A few days ago I was lucky enough to be in a small group of priests taking part in a workshop on spiritual direction – I suppose that’s an odd-sounding title for one of the most special and privileged of all the priestly tasks, which is to sit with another person and listen with them for the still, small voice of the Holy Spirit in their lives. One of the main ways we do that is to learn to sit still ourselves, to learn to give attention at a deep level to the other person, and to God. Brian, who was leading the workshop, has been doing this for many years so he has learned the value of showing what he means, as opposed to saying what he thinks – but he did say one thing that struck me as very important, maybe because I was already starting to turn over in my mind what I would say about our readings this morning, and it was this – our main task as human beings, and the whole movement of our lives, is about learning the difference between our false self and our true self – the person we think we are, or the person we pretend we are, the image of ourselves that gets superimposed on us by other people, or by our circumstances, or by the history of our failures or successes – all that stuff that gets built up like layers of varnish – learning the difference between all that and our true self, who we really are, the person that God sees when God looks at us. And then Brian said, sorting out the difference between our false selves and our true selves goes hand in hand with sorting out the difference between our filing cabinet full of false and misleading images of God, and who God really is.
One of my friends once said to me – I think this must have been during our training, when we had lots of theories about these sorts of things, that when she sat down to prepare a sermon she would first read all the lections for the day and then sort of let them have a conversation with each other until the common thread appeared. I thought to myself at the time, ‘yeah, right’, because to me most of the time the Sunday readings seem to about completely different things - but today is different, isn’t it, because by the time we’d read through to the Gospel it was almost as if the theme was being shouted at us, and it’s this - when you bump into God, you find yourself confronted by the credibility gap between the self you know yourself as and the self that God knows.
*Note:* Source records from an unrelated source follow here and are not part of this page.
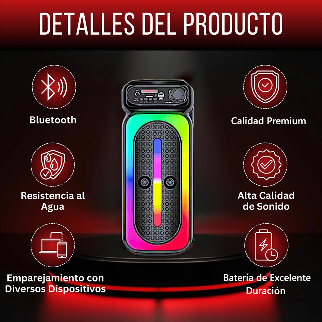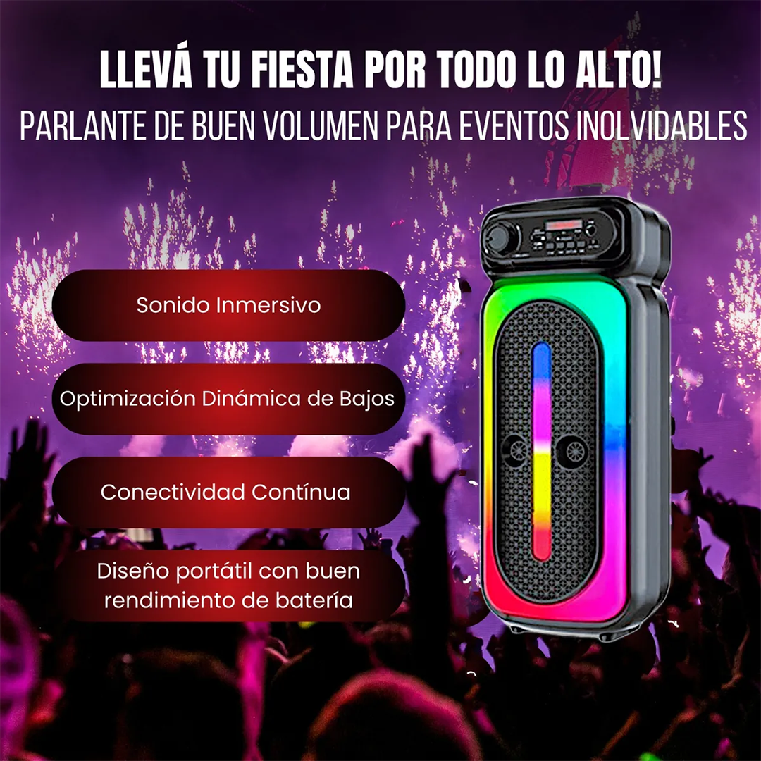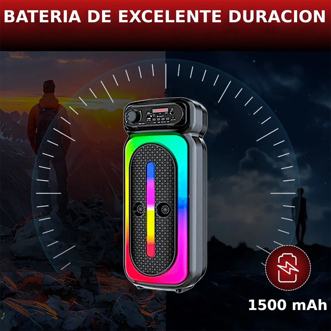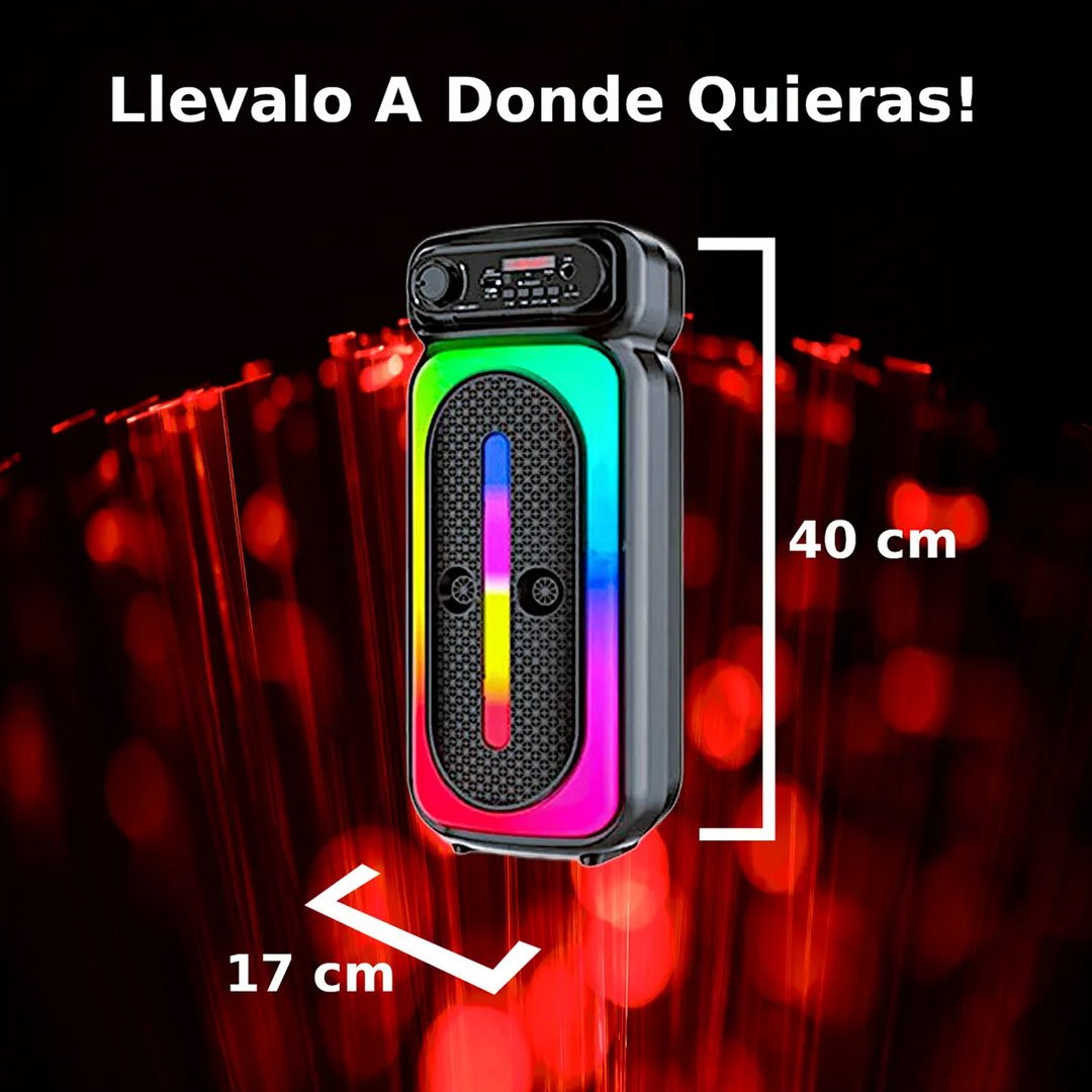 Combina un sonido potente y claro con una conectividad versátil, gracias a su woofer de 4” y Bluetooth 5.0. Ofrece múltiples entradas (USB, AUX, SD y micrófono), iluminación LED RGB sincronizada con la música, y una batería de larga duración (hasta 10 horas), todo en un diseño portátil ideal para interiores o exteriores. Además, incluye función karaoke con micrófono, convirtiéndolo en la opción perfecta para animar cualquier evento o reunión.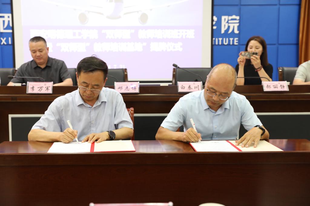 beat365vip官网登录入口副校长白秦川与西安航空职业技术学院副校长邓志博共同签署了合作框架协议,标志着两校在“双师型”教师培养领域的合作正式拉开帷幕。两位副校长共同为beat365vip官网登录入口“双师型”教师培训基地揭牌。“双师型”教师培训基地的成立,将为beat365vip官网登录入口的教师搭建一个集理论学习、实践操作、科研创新于一体的综合性培训平台,有力推动学校“双师型”教师队伍建设和发展。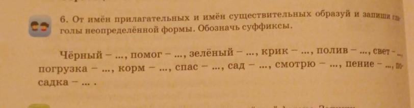 6. От имен прилагательных и имён существительных образуй и запиши голы неопределённой формы. Обозначь суффиксы. Чёрный -.. помог- - погрузка ..., корм садка *** *** 3 зелёный - ..., крик - .... полив - .... сад - ..., смотрю- спас ..., свет - пение - **** 2.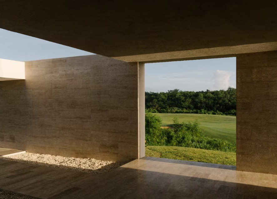 The dialogue between solids and voids, light and shadow, and the play of reflections on the pool’s water, which duplicates the Caribbean sky, lend a vaguely «contemplative» quality to the composition. This is accentuated in the interiors—finished with natural materials (stone, wood, and plaster) and punctuated by textured furnishings—where a peaceful and refined atmosphere reigns.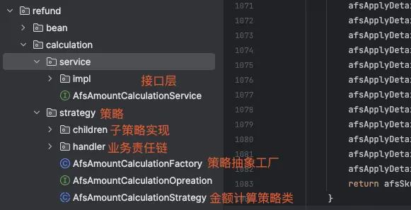 - 選擇適當的重構技術:根據售後代碼壞味道的種類和重構的目標,選擇適當的重構技術。我採用的重構手法是:小規模重構-->大規模重構-->頂層設計模式;採用先小後大,從大到全的思路進行重構設計。小規模重構:提取方法、消除超大類或函數方法、提取類、重命名、合併重複代碼等方法;大規模重構:採用的是分層、模塊化、解耦、抽象可複用性等手法;設計模式:退款業務採用策略模式+抽象工廠;金額計算業務採用策略模式+抽象工廠+責任鏈模式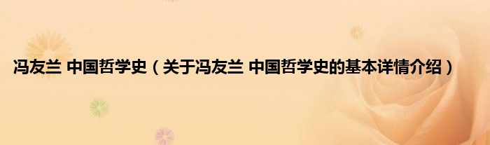 本文关于冯友兰 中国哲学史的基本详情介绍就讲解完毕,希望对大家有所帮助。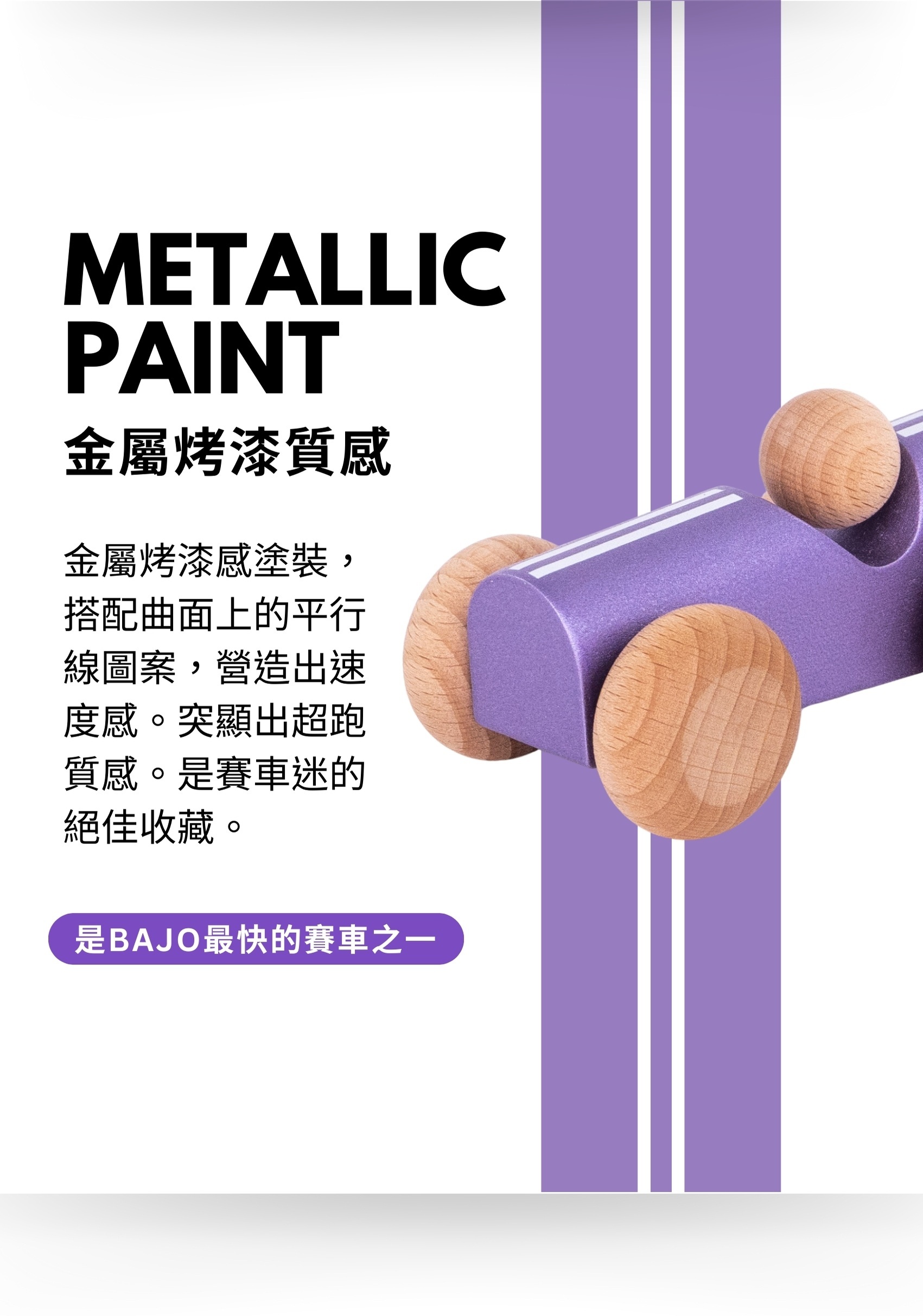 真實跑車的金屬烤漆也可以完美呈現在兒童木玩上!復古車款搭配拉風金屬色,愛不釋手的光滑觸感,簡約流線型設計為特色,幫助孩子體驗速度與動力,提升手眼協調能力,激發對賽車的興趣與創造力。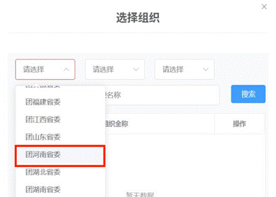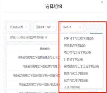 (4)“申请转入组织”一栏,利用下拉列表,选择“团河南省委”→“乐鱼(中国)团委”→“××学院团委”(新生团员入学后的所属学院)后,点击“搜索”,在列表中找到所需转入的团支部,点击“选择”。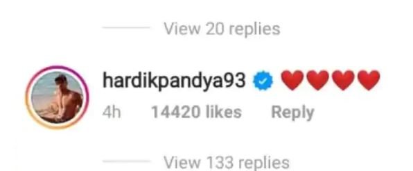 हार्दिक ने कमेंट करते हुए चार लव इमोजी बनाए। उनके इस कमेंट को इंस्टाग्राम पर काफी पसंद किया जा रहा है।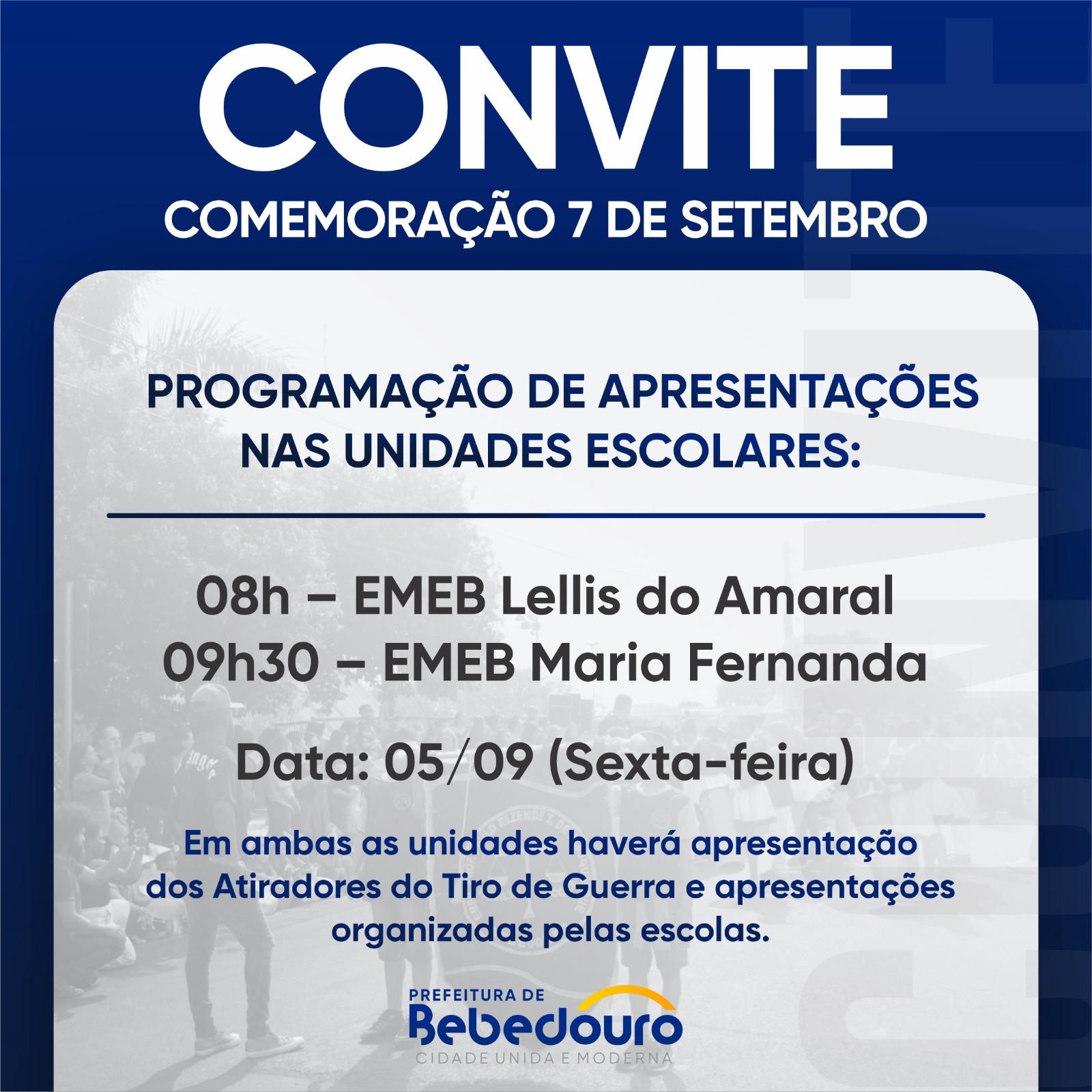 Para 5 de setembro (sexta-feira), a Secretaria de Educação de Bebedouro anuncia a celebração à Independência do Brasil (data oficial em 7/9), com apresentações cívicas em unidades escolares. A programação terá início às 8h, na Emeb “Lellis do Amaral Campos” – seguirá às 9h30, na Emeb “Maria Fernanda Lopes Piffer”.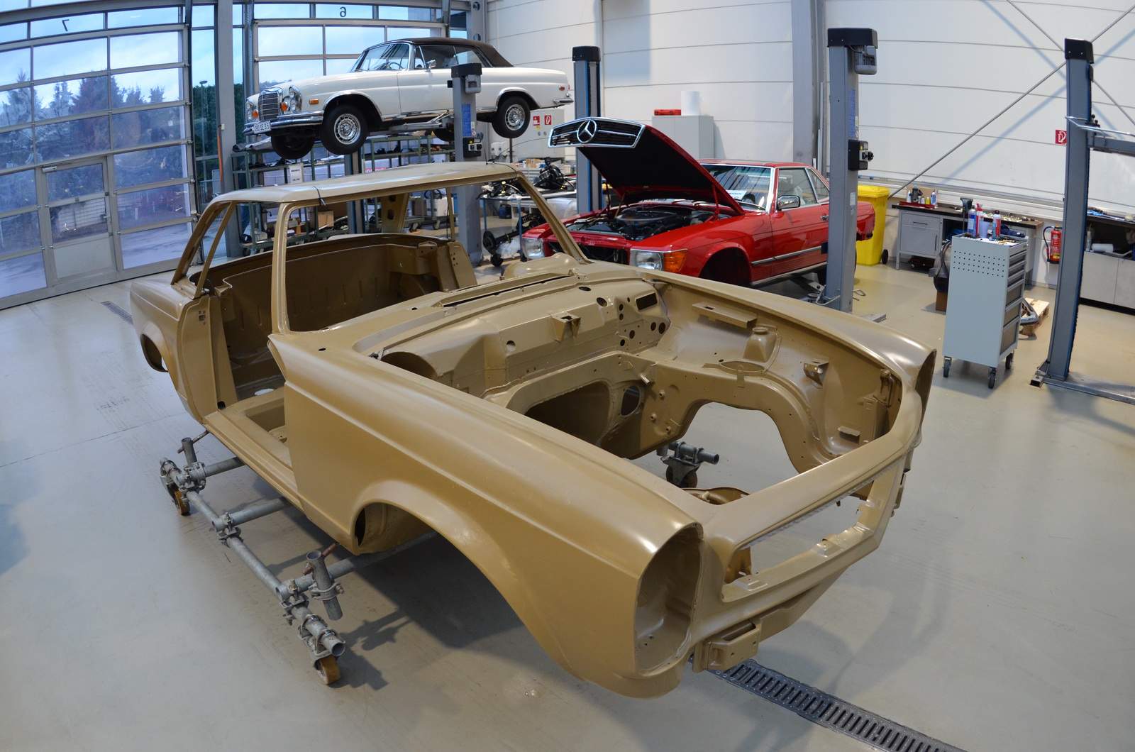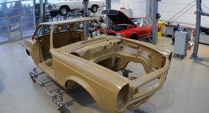 Experienced master bodywork specialists remove the entire paint from the body shell, in order to apply a perfect paint-job in the original color – but not before making sure the vehicles receive perfect corrosion protection using cutting-edge technology to protect the paint.

The old-fashioned name for that credibility gap of course is sin, a word that includes both guilt for things that we know we have done and shame for what we believe ourselves to be. Sin is where we continue to live with the credibility gap between our false self and our true self, because we don’t know how to get them into alignment, and of course it is the chronic state of every human being.
For Isaiah, the vision of God that so terrifies him happens in the temple, presumably he isn’t alone there, and the priests are going about their business but all of a sudden reality kind of slips for Isaiah, the roof of the Temple fades out of sight and the trails of incense from the offering on the altar morph into the folds of the very bottom hem of the cloak of God. So Isaiah has got this sense of just being on the edge of the throne-room of God who is so terrifying that, so it was thought, only Moses could look at and still live. And Isaiah assumes he’s cactus, we don’t actually know that Isaiah was either especially holy or in any way a major sinner but he does understand that the credibility gap of his humanness has been exposed, the divided self that just can’t survive being bumped up against the terrifying holiness of God. And of course in the encounter something of Isaiah is burned up - the image of a hot coal being pressed against his lips is not exactly cosy - but we get the point which is that God is not safe, but in some sense if we dare to stick around, our moral ambiguity is going to get cauterised, God’s holiness transforms us even as it wounds us.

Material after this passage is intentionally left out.